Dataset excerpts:
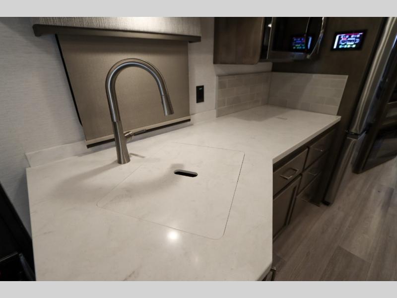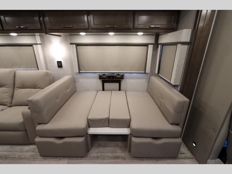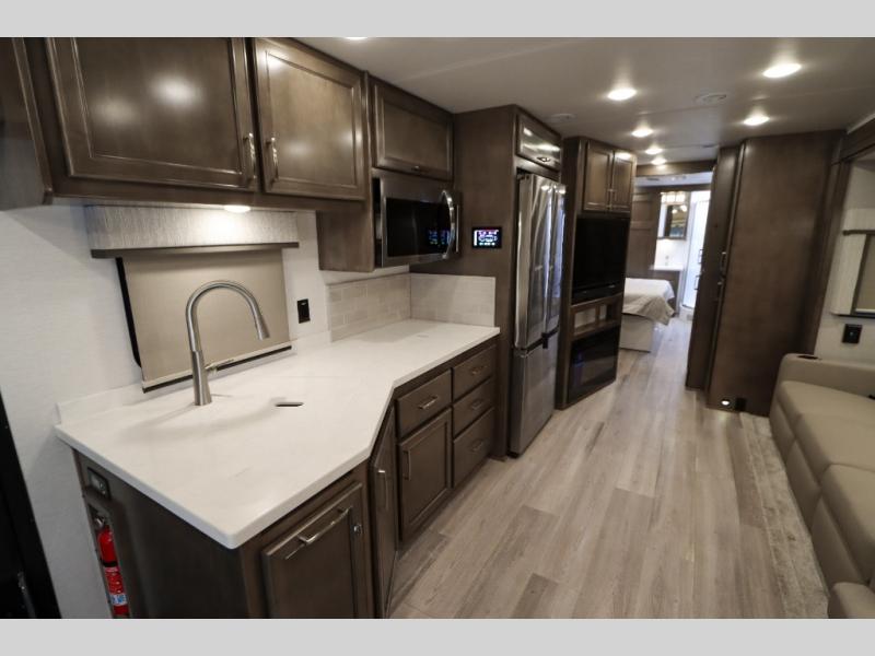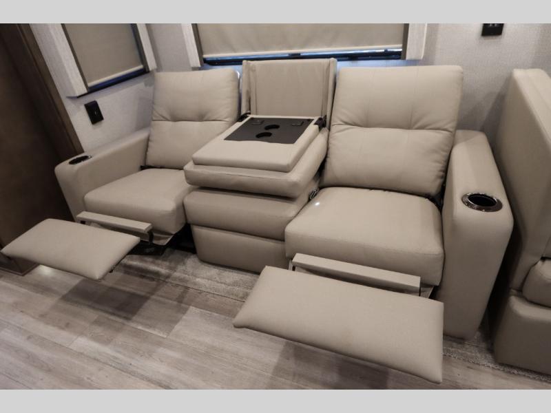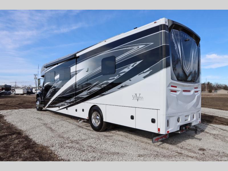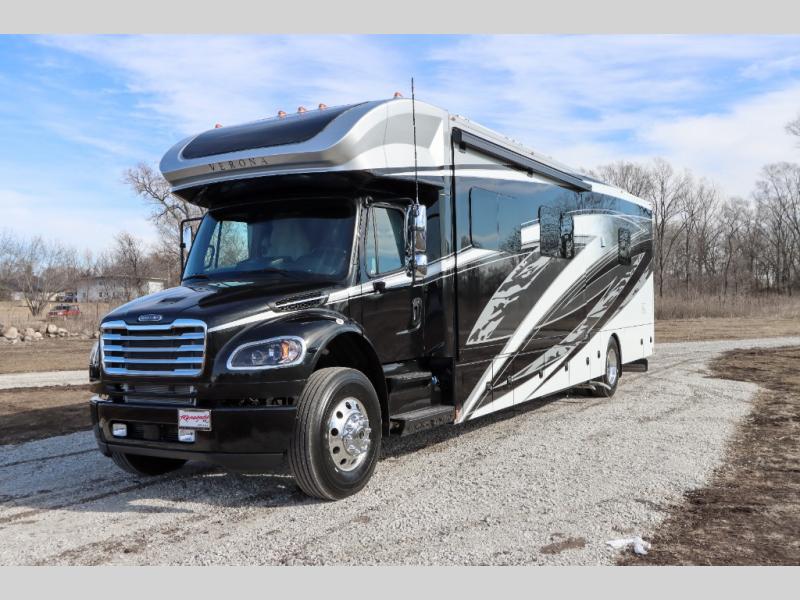 Why not enjoy the ride just as much as the destination, well you can with this Verona! The Airliner rear air suspension, the power/heated remote control mirrors, the Freightliner "Safety Assurance package" features and the comfortable seats will make that happen each trip. You will also have all the comforts of home such as the kitchen amenities including a convection microwave oven and a French door residential refrigerator, plus the Ultra-Soft slide-a-bed sofa and booth dinette to relax on. The half bath is super convenient when you have two or more onboard, and the master suite offers a king bed slide with lots of storage and a 32" 4K Smart LED TV, plus a rear full bathroom. There is so much more to love about this coach, step right up!
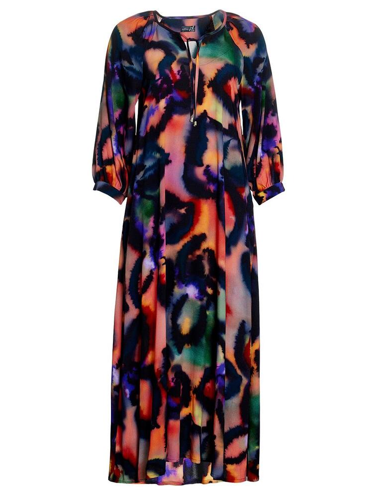 Skøn kjole til kvinder fra du Milde. Kjolen har V-udskæring med bindebånd, 3/4 lange ærmer med fast manchet og lommer i sidesømmen.
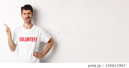 Disappointed volunteer showing bad promo offer, sticking tongue and grimacing disgusted, pointing finger left, wearing organization t-shirt, white background
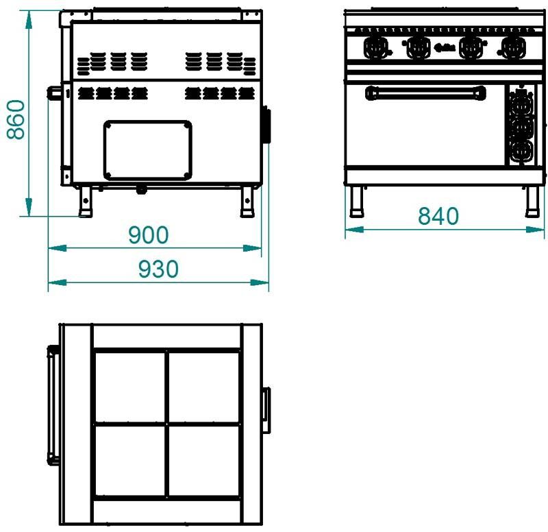 - габариты внутри жарочного шкафа — 535x715x290 мм (3 уровня GN 1/1)
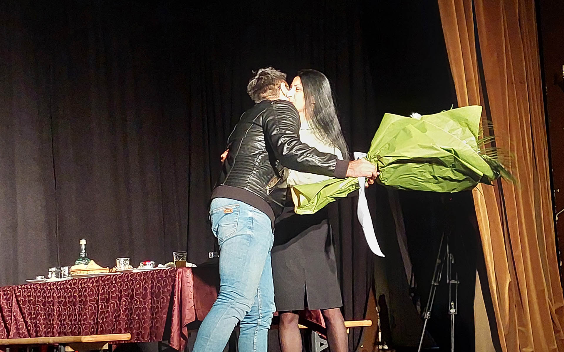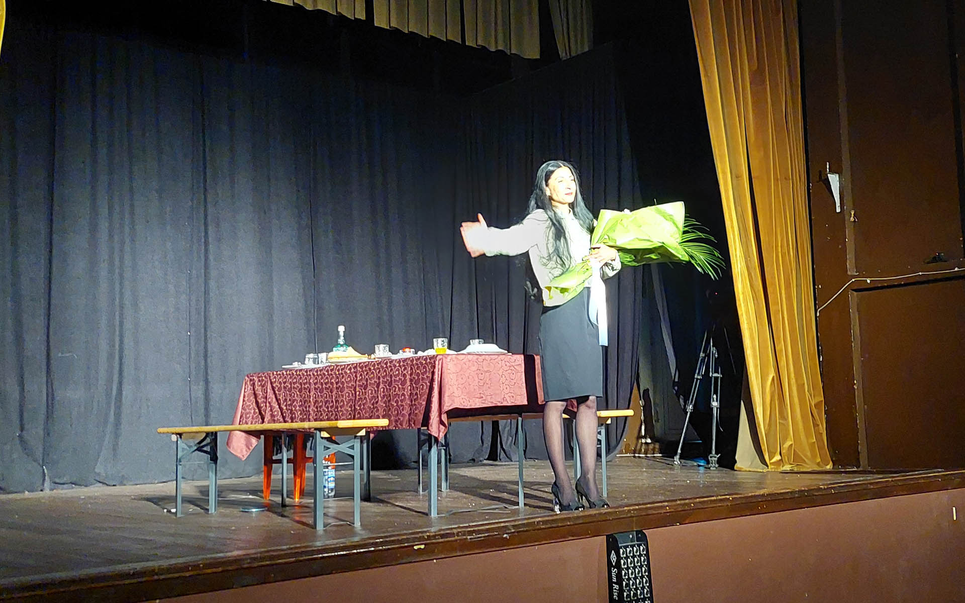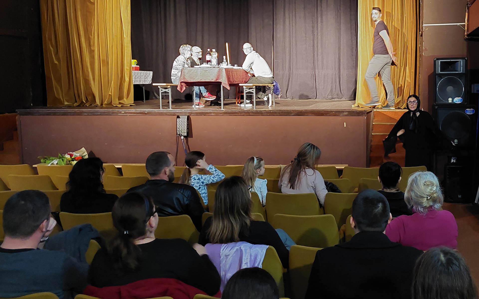 “Prošlo je godinu dana od kako je Kosana sahranila poslednjeg muža, pa smo tako na samom ulazu u Kulturni centar mogli videti partu sa imenom poslednjeg Kosaninog upokojenog muža, hol je bio dvorište kuće u kojem je publika mogla da se posluži kafom „za pokojnikovu dušu“, na ulazu sale publika je oprala ruke u lavoru, kako to i nalaže običaj kada se dođe sa groblja, a sama predstava je otpočela molitvom pre ručka na kojem je prisustvovalo nekoliko gledalaca iz publike u ulogama pokojnikovih poznanika” – rekao nam je Stanković, i dodao da je zadovoljan odzivom i reakcijom publike, kako na samom početku u holu KC, tako i tokom same predstave.

PROBLEM TO WORK ON ::
What you return must match the lines above from the one with "Disappointed volunteer showing" through the one with "- габариты внутри" exactly, with both ends included and the pictures excluded.

REPLY TO THE TASK ::
 Disappointed volunteer showing bad promo offer, sticking tongue and grimacing disgusted, pointing finger left, wearing organization t-shirt, white background
 - габариты внутри жарочного шкафа — 535x715x290 мм (3 уровня GN 1/1)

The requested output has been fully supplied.